Iraq being used for drug transit



By Jonathan Finer


BAGHDAD: The head of the addiction unit at Baghdad’s largest treatment centre for substance abusers took a long drag from his Craven cigarette and offered his assessment of the drug problem in Iraq. “There is no drug problem in Iraq,” said Abbas Fadhil Mahdi, a former brigadier general in Saddam Hussein’s army who is now a psychiatrist at the capital’s Ibn Rushud hospital.

“We have immunity against addiction,” he continued. “Islam protects people from indulging in such illicit, harmful intake of substances. And unlike in the West and in America, we have cohesive and supportive extended families. So there is no problem with drugs.”

Iraqi government officials and a UN agency that monitors drug trafficking disagree. Hamid Ghodse, president of the United Nations’ International Narcotics Control Board, said that since the US-led invasion in 2003, Iraq has become a transit point in the flow of hashish and heroin from Afghanistan, the world’s largest producer of opium poppies, to Persian Gulf countries and Europe.

Under Saddam Hussein’s authoritarian rule, alcoholism and addiction to medications such as Valium were prevalent, health officials here say. The use of illegal drugs, a subject not discussed publicly, was thought to be rare. But since the invasion, the same porous borders that US and Iraqi officials describe as conduits for foreign insurgents have become well-travelled smuggling routes for drug traffickers, according to UN and government officials. As a result, the Health Ministry says, addiction rates are climbing steadily.

High-profile drug busts, once unheard of here, are becoming more common. On Wednesday night in the southern province of Najaf, authorities arrested 20 smugglers trying to move more than 1,500 pounds of hashish into Saudi Arabia using pickup trucks packed with large barrels, according to Brig. Gen. Hussein Ghazali, the border police chief. The street value of the drugs, he said, was nearly $10 million.

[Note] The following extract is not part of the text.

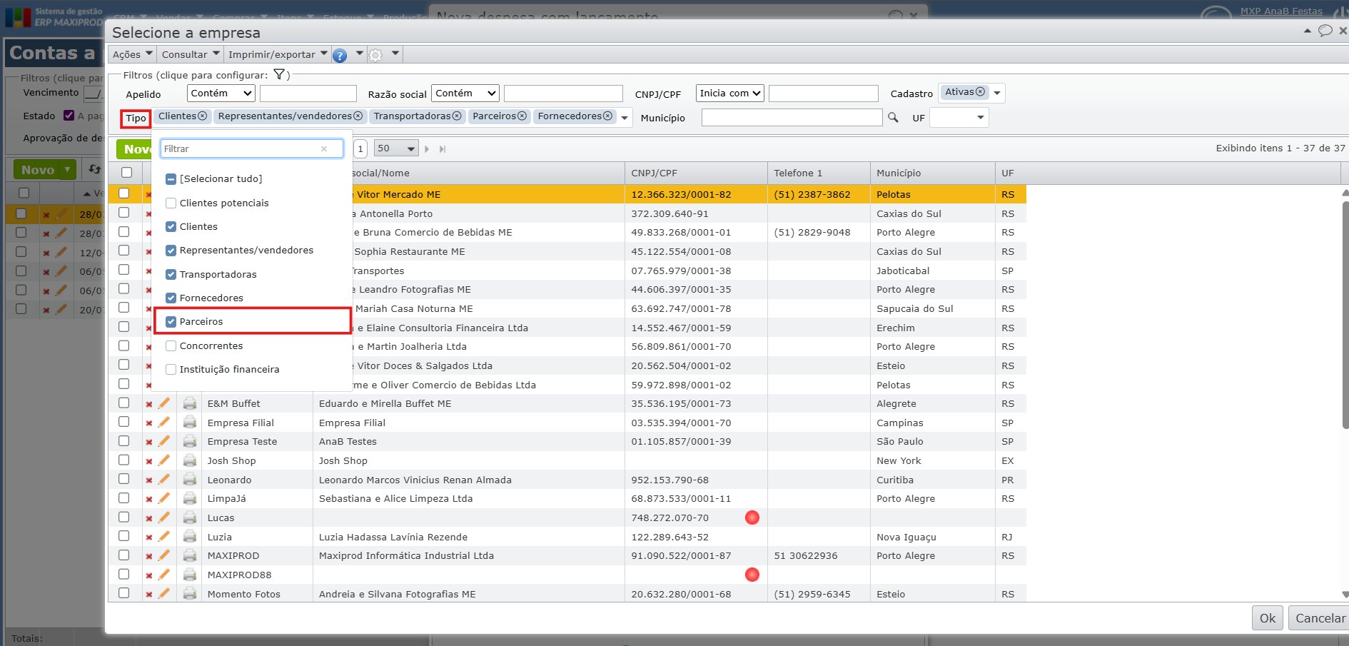 b) Preencha o campo “Fornecedor” com o cadastro do colaborador. Para isso, clique no ícone da lupa para abrir a tela de seleção de empresas, marque a opção “Parceiros” no filtro “Tipo”, atualize a grade e selecione o colaborador.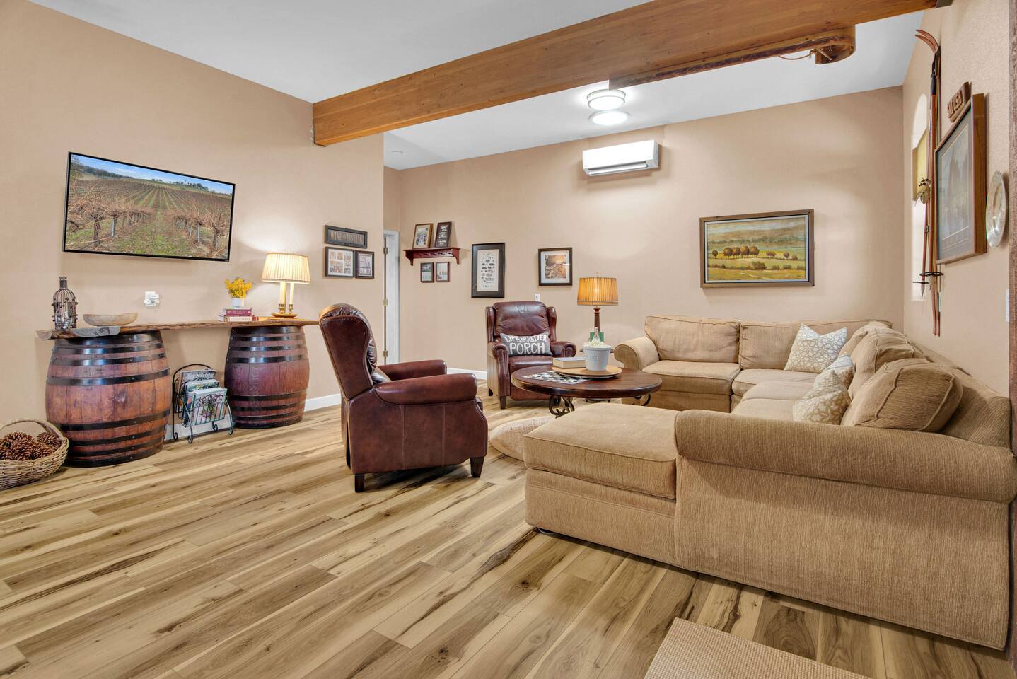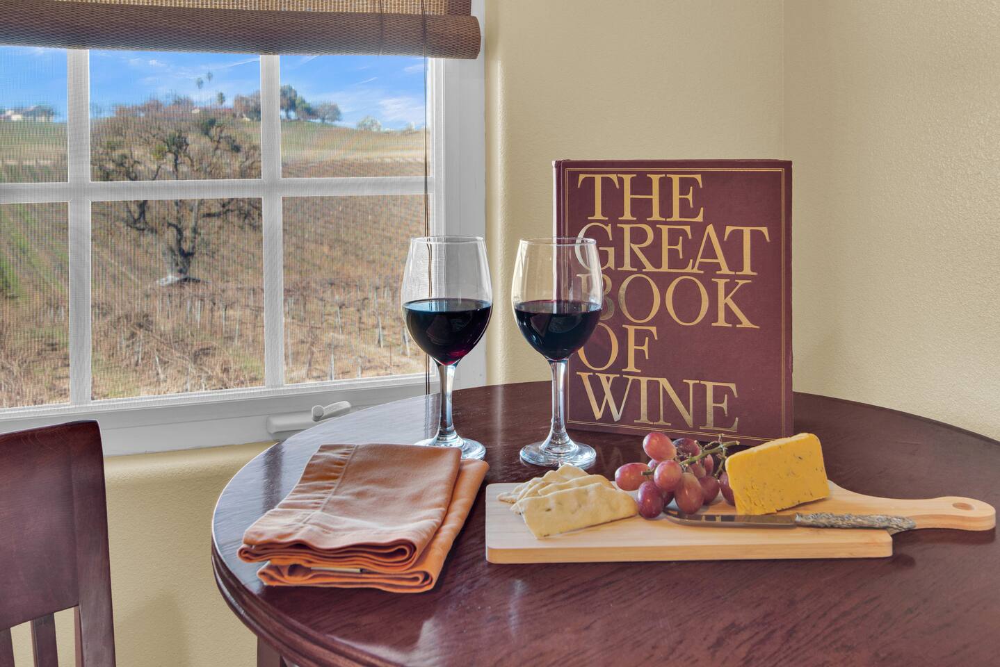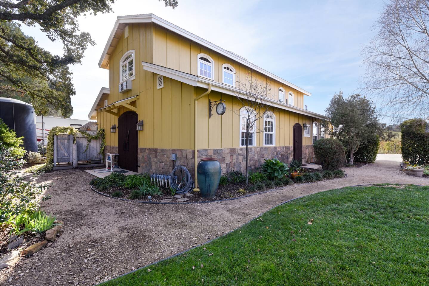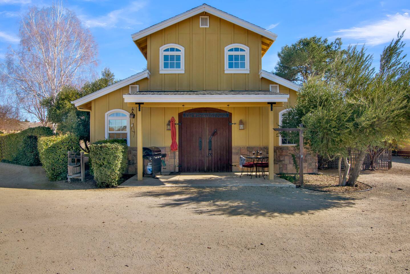 Kitchen: Walk through the barn doors into the first floor living area. The kitchen is equipped with stainless steel appliances, all of the essentials needed to prepare a gourmet meal and even a dedicated workspace. Small appliances include a Keurig Duo coffee maker, French press, microwave, toaster, hot water kettle, blender and so much more. Living Area: Adjacent to the kitchen, the dining space is set for four guests while the living room features a large, cozy couch, two reclining chairs and 50” Smart TV for guests to enjoy. Amenities abound including numerous books and board games. Bedrooms/bathrooms: Head upstairs to the spacious primary bedroom which has a luxurious queen size bed with upscale linens, kitchenette with a microwave plus mini fridge and ensuite bathroom with a shower/tub combo. Enjoy a private dinner at your own dining table or adjourn to the cozy fireplace. Upstairs you will also find a quaint guest bedroom with a queen size bed, upscale linens and table for two. There is a reading chair to enjoy some relaxing down time as well. The guest bathroom is located downstairs on the first floor with a step-in shower. Each bathroom is equipped with hair dryers, luxury towels, shampoo/conditioner/soap, hand soap, makeup towels, and more. Outside: As you exit outside onto your front porch and overlook the sprawling vineyard landscape, enjoy a glass of Bordeaux style wine made from Francis James Vineyard. Experience al fresco dining while BBQing as the sun sets over the hillside. Wander over to the outdoor firepit for an evening under the stars, play a round of horseshoes or swing under a majestic oak tree. This rental offers a one of a kind experience in wine country where you can stroll through the rows of a working vineyard just steps from your front door. (Ask us about our frequent visitor discount when you book a second time!) ***This property has an amazing history as a former bed and breakfast for 14 years and also has been a successful 5-star vacation rental for the last 7 years. Items to note: -Property owners live in the main home on the property. -There is no washer/dryer onsite. -NO parties. Not to be used as a wedding event space in any capacity. -Maximum 4 guests at property. No additional guests allowed. -NO smoking. -The property is fully gated. Amenities: Complimentary Wi-Fi, access to stroll the vineyard rows, BBQ, horseshoe pit, fire pit, corn hole, board games, books and private (gated) parking. Location: This home is a quick 12 minute drive to the downtown Paso Robles square. Close to the best craft breweries, wine tasting rooms, charming coffee shops, restaurants and local gift shops. Explore all that our town has to offer from the convenience of this vineyard home. Pet Policy: We have a strict NO pet policy here. Please leave your furry friends at home. Any guests who do not abide by this rule will be asked to leave or incur a fine of $500. ALL Front Porch Properties include these LUXE amenities: Kitchen: Coffee, creamer, sugar, tea, olive oil, spices, Saran Wrap, foil, Ziploc bags, dish sponge and paper towels. Bathroom: Shampoo/conditioner, hand soap, paper products, Q-tips, cotton balls, towels, makeup towels, toothbrushes. Bedroom: Linens and extra blankets. Extras: Our curated booklet of Nicole + Tressa's favorite wineries (there are 300+ to explore), restaurants, breweries, coffee shops and activities! We are a local mother/daughter duo who want you to experience the BEST our town has to offer. Please let us know if you need anything at all during your stay. We hope you come and visit again soon! County License #: 680876

“The pattern is similar to what we have seen in other post-conflict situations,” Ghodse said at a recent news conference. “Whether it is due to war or disaster, weakening of border controls and security infrastructure make countries into convenient logistic and transit points, not only for international terrorists and militants but also for drug traffickers. It is therefore all the more important that both the government of Iraq as well as the international community act swiftly and take preventive measures before the situation escalates.”

A statement released by Ghodse’s agency in May said “cases of drug-related intoxication are on the rise in hospitals in Baghdad and around the country.” But interviews with health officials here, and a visit with Mahdi, his patients and his staff at the treatment center’s 10-bed inpatient ward, indicate that few, if any, drug addicts are seeking medical help and that the Saddam Hussein-era propensity to play down the problem remains.

Only three of the beds were occupied, two by alcoholics and one by a user of Artane, a prescription muscle relaxant used in the treatment of Parkinson’s disease. In his two years at the facility, Mahdi said, he had not encountered a single patient addicted to narcotics. “They want to exaggerate that there are addicts on many drugs,” he said of the Iraqi government. “It’s for political reasons, so they can say the countries surrounding Iraq don’t work to stop smuggling.” One of the patients on the addiction ward, Thamir Kamil Ghassab, 36, said he had checked himself in to the hospital and stayed for eight days because he was drinking more than a pint a day of arrack, a Middle Eastern liquor. He also popped Artane pills, he said.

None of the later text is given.